I soon discovered why: spending my youth with actors and musicians had been perfect prep for working with preschoolers. As a teen and twenty-something among the proud misfits, the tyrannical, and the socially awkward, I’d logged invaluable experience. Those adjectives perfectly apply to both the showfolk with whom I’d happily cast my lot, and to small children.
To be a performer, and, arguably, any kind of artist, one must be unconcerned with so-called “social norms.” Generally, preschoolers are already there. They have limited social skills, because most social skills are not innate. This often means they are brutally honest in the way of great art. When you’re their caregiver, this can be alternately hilarious and humiliating.
In my four-year tenure, I shepherded about forty or so kids through this fascinating developmental stage.
It was my job to introduce non-innate concepts like manners, customs, volume control, and gratitude. Some kids caught on right away. Some took a while. And some never got it, and never cared about subsequent repercussions. Those rock star-like kids took me back. Often, when I watched them “making bad decisions,” I would say, “I know you.” I occasionally got misty. Pangs of nostalgia seized me during meltdowns, impudence, and the drama of tot defiance. I recalled “difficult” musicians and actors of yore, a couple of whom became stars.
I confess, when they trusted me to tame the wild ones, I often slacked off. When I should have said, “No. We do not do that here,” I may have said, “Go, rock star, go.”
Those erstwhile preschoolers are now young adults, of voting age or older. Few recall their tot tyranny. Although I vividly recall them, many have only fleeting recollections of me, and those memories fill them with a self-consciousness that did not exist at School of the New Moon. Some pretend not to know me.
But even the brushoffs remind me of the old days. It’s like I was with them during a bender, and I was the designated driver. Now they’re not only sober, they are hyper-aware, with carefully constructed social selves in place. During the bender, they were not in their right minds, they did and said crazy stuff, yelled whatever they felt, slobbered, wet their pants, and raged fearlessly against injustice.
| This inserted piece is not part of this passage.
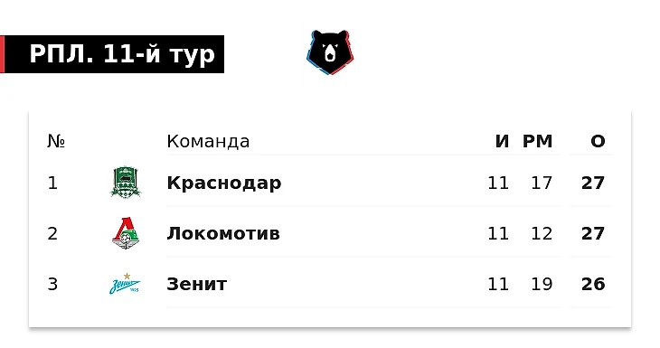 «Краснодар» по-прежнему первый – благодаря победе над «Локо». «Зенит» пока третий, но отстает лишь на одно очко. Первая тройка серьезно оторвалась: дальше идут ЦСКА и «Динамо», у них только по 20 очков.
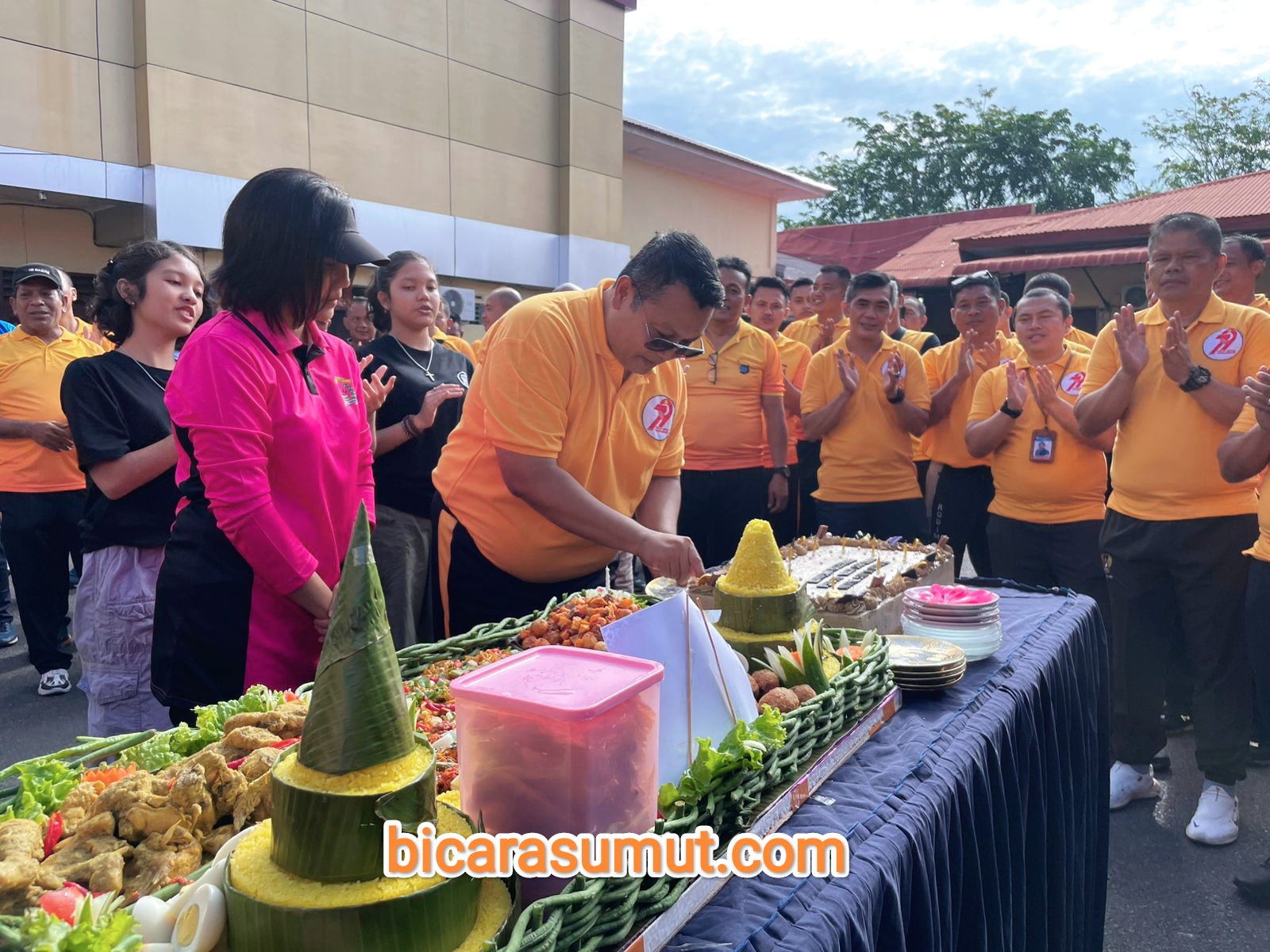 Gambar – Kapolres Sibolga saat melakukan potong tumpeng HUT Bhayangkara Ke-79 di Mapolres Sibolga.

It was, for the most part, beautiful chaos of which they are only dimly aware. I want to share with them how entertainingly rude and brazen they were, how their boldness revivified charismatic characters from my past.
In my fantasies, I linger like a sentinel in their memories, reminding them of unfettered days, when joy and free expression were just a crayon away, when deliverance was at their mud-crusted fingertips, when absolute release came through singing and dancing. As they move into society, I want them to recall when they were little dervishes, soothsayers, riveting storytellers, rock stars.
When someone tells them, “No. We do not do that here,” I hope they hear a voice within saying, “Go, rock star, go!”